Taco Salads were one of those meals that were always in the dinner rotation for me as a kid. We must have eaten them on a near weekly basis. It didn’t matter how often we had it, we always loved it because we got to top it anyway we wanted. For me, this always meant less meat, plenty of cheese and lots of lettuce, tomatoes, and black olives. I know black olives are not really traditional in Mexican cuisine, but I’m pretty sure a taco salad isn’t very traditional either so I’m going to go with what I like on this one. (The only reason there are no olives in the photos is because I forgot them!)

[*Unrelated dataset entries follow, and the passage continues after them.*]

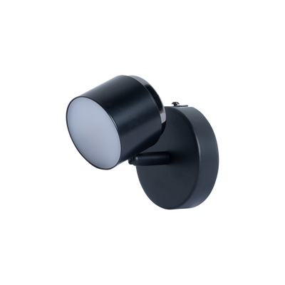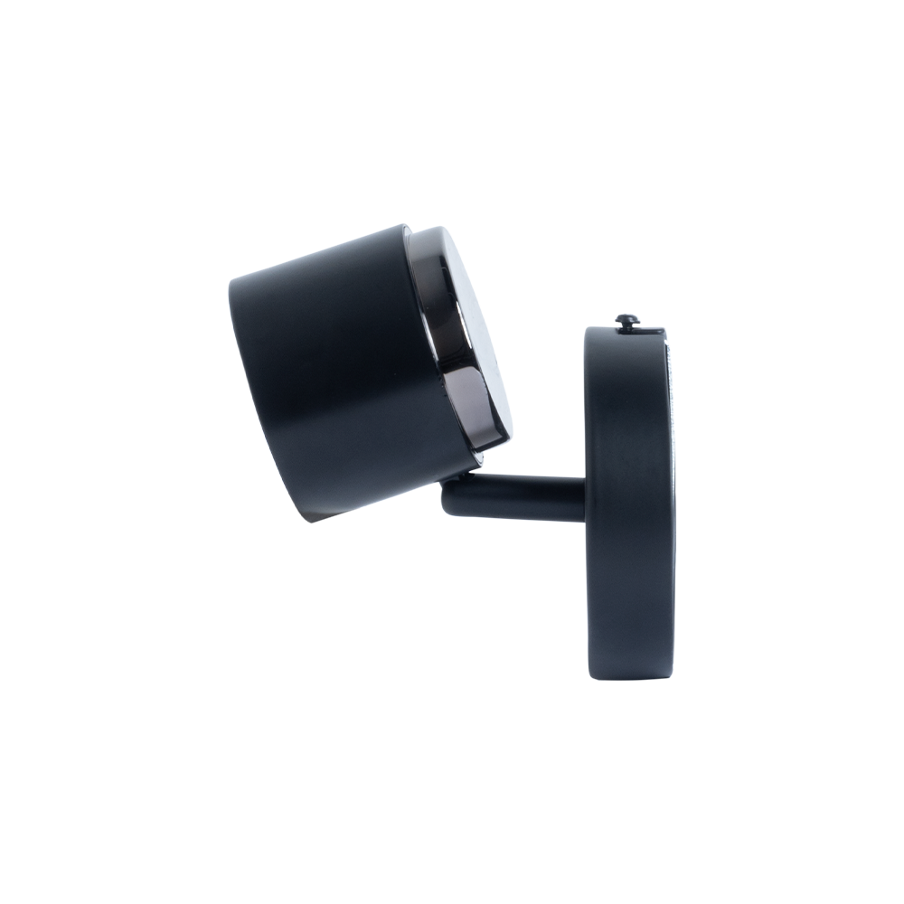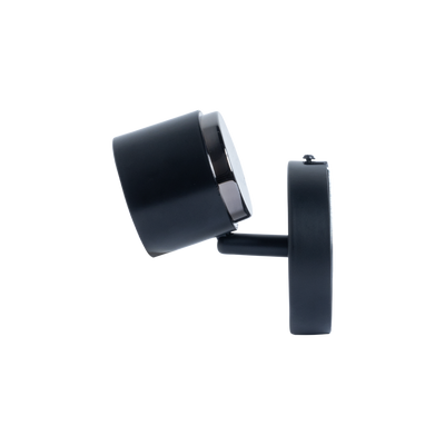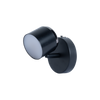 Luminario de pared LED color negro de 15.5 cm de largo x 10 cm de ancho x 9.5 cm de alto, fabricado en aluminio.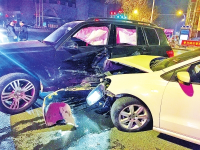 車禍發(fā)生時(shí),已是2月15日的凌晨4時(shí)許,在紫荊山路與東大街交叉口,發(fā)生碰撞的兩輛車為一輛大眾Polo轎車和一輛奔馳GLK越野車。大眾轎車攔腰撞上奔馳車,兩車均受損嚴(yán)重變形。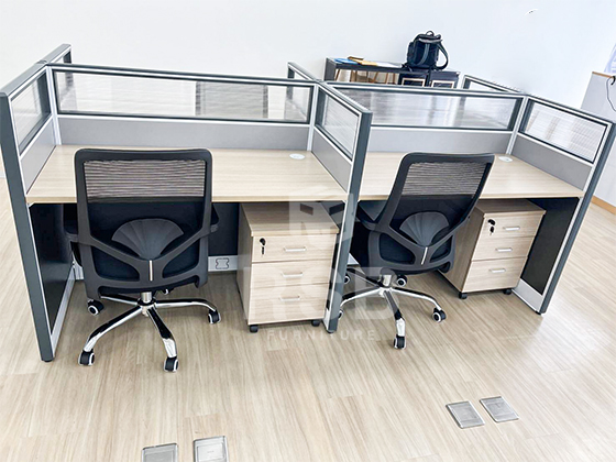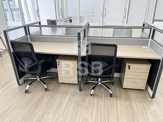 โซนทำงานภายในออฟฟิศ ลูกค้าต้องการโต๊ะทำงานแบบ 4 ที่นั่ง ที่มีฉากกั้นแบ่งสัดส่วน ได้เข้ามาเลือกซื้อสินค้าที่โชว์รูม RSB เลือกไปมาได้ตอบโจทย์กับโต๊ะทำงานกลุ่ม 4 ที่นั่ง รหัสสินค้า 5113 มาพร้อมฉากกั้นแบ่งโซนและตู้ลิ้นชักล้อเลื่อน โต๊ะมีขนาด กว้าง 240 x ลึก 120 x และสูง 75-110 cm แต่ละที่นั่ง W120 x D60 cm ลูกค้าเลือกใช้คู่กับเก้าอี้ทำงาน พนักพิงหลังใหญ่ เบาะนุ่มสบาย รหัสสินค้า 4455

Although a lot has changed about what goes into a taco salad for me now, it still has that familiarity that reminds me of those childhood family meals. There’s also something just really fun about crunchy chips piled high with all sorts of toppings, my girls are big fans for this reason. Every time we have them no matter what day of the week it is, my littlest one proclaims it’s “Taco Tuesday” because a character in one of the newer My Little Pony movies says it. And she does it in the same shrill, excited way and it is just about the cutest thing ever.
The chickpeas are really the star of this dish, providing that quintessential taco-y flavor through a blend of spices and seasonings. You get a mild spiciness with a touch of sweetness from the corn that we love. Another important component of this dish are the chips and these semi homemade ones are perfect. Just start with your favorite vegan tortilla(I used Mission brand, which are vegan and also gluten free), slice into fourths and bake until crispy. Then load up on whatever toppings you like. I went with a bit of tomato and avocado for that creaminess you usually get with sour cream.
I love simple, quick healthy meals like this chickpea taco salad because with all we have to do in a day, sometimes there just isn’t time to spend preparing an elaborate meal. In 30 minutes or less you can have this completely customizable taco salad on the table for your family.
Was there a meal when you were a kid that you could always count on being on the dinner table?
If you try this chickpea taco salad, let me know how it turns out! Leave a comment below or snap a pic and tag it @weelittlevegans on Instagram so I’ll be sure to see it!
Vegan Chickpea Taco Salad
- 1 can chickpeas, drained and rinsed or 1 ½ cups cooked dry chickpeas
- ½ cup sweet corn I used frozen.
- 2 teaspoon olive oil
- 1 large garlic clove, minced
- 2-3 corn tortillas See note
- 1 tablespoon chili powder
- 1 teaspoon ground cumin
- ¾ teaspoon salt
- ½ teaspoon paprika
- ½ tsp garlic powder
- ¼ teaspoon crushed red pepper optional
- vegan sour cream
- black olives
Semi homemade tortilla chips:
- Preheat oven to 400 degrees. Stack tortillas and cut into quarters using a pizza cutter. Arrange on baking sheet leaving a little space around each and cook for 8-12 minutes until crisp and edges have browned just slightly. Watch closely to prevent burning. Remove from oven and allow to cool a few minutes to further crisp.
- Combine chili, cumin, salt, paprika, garlic powder, onion powder, and red pepper in a small bowl. I used a bowl with a lid and gave it a good shake.
- Heat olive oil in a pan or skillet and add garlic. Cook for 1-2 minutes stirring frequently. Add chickpeas and stir. Add 1-2 tablespoon of taco seasoning and stir to coat chickpeas. I used 2 tbsp. Add corn and cook until warmed, about 5-7 minutes.
- Assemble your taco salad how ever you like. I started with a bed of chopped lettuce and topped with chickpeas, tomatoes, avocado, and crushed chips.